The use of big data in the battle against the coronavirus (COVID-19)—particularly the use of detailed mobile phone data to track and monitor the pandemic—has spurred big privacy concerns.
This topic matters not only for data use in an emergency, but also because it establishes a precedent that can and will be replicated across sectors. Government powers, once created, rarely go away, and more commonly, they get extended and repurposed for other means.
Before discussing why we must create data sharing protocols for future use of digital data, let’s first try to understand what COVID-19 shows us about the shortcomings of deploying digital data systems without a structured agenda around use and governance.
Largely, the critics of phone-based contact tracing have highlighted four areas of concern:
- Accuracy: Critics point out that mobile phone tracing cannot accurately track dispersion and contagion. According to medical consensus , the virus spreads when people are less than six feet apart. While call detail records, GPS, and WiFi data can give us a general sense of where a person is, it cannot determine with sufficient precision whether two individuals have come within six feet of each other. And while Bluetooth may help solve the issue, that technology is not yet ubiquitous.
- Probability vs. reality: The bigger problem with mobile phone data tracking is that it measures probabilistic risk rather than real exposure. And while this is useful as a statistical tool, individual risk estimation isn’t helpful to systems known to be under extreme stress, particularly if it leads people to seek more testing than they might otherwise. In many places, providing people with information on exposure can overwhelm health systems, as many people without symptoms may flock to health centers for fear of having been exposed.
Unlike the “move fast and break things” mantra that technology systems follow, health and legal systems work with institutional checks and balances to make sure they solve the intended problem. Validating digital contact tracing records will be a long and labor-intensive problem, resources that might be better allocated for other, proven response and recovery mechanisms.
- Representativeness: Another large concern comes from the fact that digital contact tracing leverages smartphone data. Relying on such data only works in communities with high penetration of smartphones. For example, although India has a large tech industry, only 28% of people there have smartphones. And in Ethiopia, which has one of the world’s lowest smartphone penetration rates, that number stands at about 11%. Smartphones are also greatly skewed to the male portion of the population. Technology markets are so fragmented that they aren’t a sound basis to deliver relief equally, as pandemic response should be able to reach everyone.
- Privacy: Finally, and perhaps most importantly, data surveillance, if left unchecked, gives extra power to governments. As a recent article points out, “We often talk about surveillance as ‘harmful,’ but really what we mean is: surveillance enables a significant number of harms.”

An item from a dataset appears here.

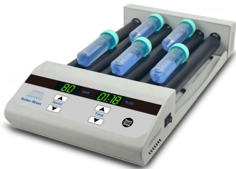
LM-80T / LM-80S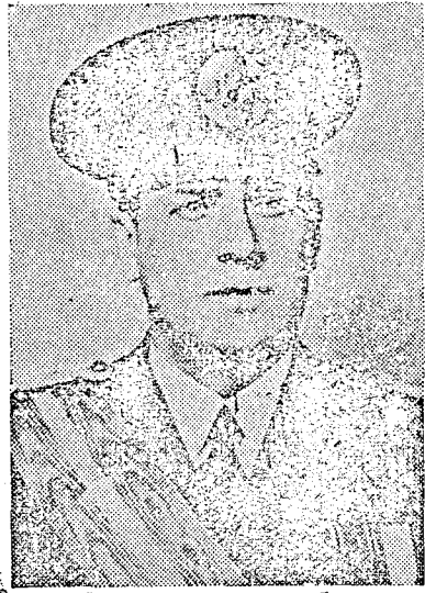
D-I PETRE ANOREI Ministru Educației Naționale

La această măsură, au protestat părinții elevelor, au făcut memorii administrația județului

Despite these concerns, we recognize the huge potential of harnessing big data. Its rise is a development opportunity that is too big to be ignored—but it is critical that we get data use right and put appropriate safeguards in place. This is the subject of the World Bank Group’s next World Development Report – Data for Better Lives, which focuses on unlocking data’s potential, and how it can benefit people in developing countries, while protecting against misuse.
As transport specialists, we know the importance of using data responsibly. For the last couple of years, many mobility companies have been asked to share sensitive data with governments, a trend that raises significant concerns over security and privacy. On a more positive note, transport was one of the first sectors to reap the benefits of data collection, from automatic vehicle location to automatic fare collection, among others. As we progressively move from static digital data to real-time big data collection and use, user privacy is at the top of our agenda.
So, what can we learn from the transport sector about how to use data efficiently, during and after this pandemic, while protecting user privacy?
Our recommendations are as follows:
- Focus on proven outcomes: Digital data has proven extremely helpful to monitor and plan performance and service delivery at an aggregate level. For example, in transport, we are focusing our use of phone analytics data to track the performance of infrastructure, for instance to determine bottlenecks. We’re also using Call Detail Records (CDR) data to optimize public transport networks. These processes have been developed and tested before, while maintaining privacy and representativeness requirements. In the context of COVID-19, we could easily see at aggregate levels how people move after a disaster to provide aid more efficiently, or track migration patterns on a large scale. Collecting and sharing all these proven processes can inform client countries on how to use big data.
- Support the creation of data trusts: these could be an effective way of sharing and using data. Civic data trusts move beyond single trustees and build models of fiduciary governance for management, use and sharing of rights to data. Digital trusts could hold digital assets, like code or a subset of digital rights. They may act as rights clearinghouses or process management. The digital data trust would be a private, publicly and legally accountable organizational structure, capable of balancing complex interests to serve a unifying purpose. This is similar to what the Open Traffic initiative pioneered, pooling data from multiple providers, and converting it to actionable, sharable information.
- Create an agenda on effective data governance: The use of data is most efficient in places that have strong data governance and transparency requirements. This means private data should always be used in a transparent way, being very specific about the objectives and uses and making sure that all data is private by design, as has been our use of mobile phone data for origin-destination estimation. Data collection is critical to the COVID-19 response and to broader development efforts, but it must respond to a specific need and be governed through institutional mechanisms that ensure contextual value, necessity, and privacy.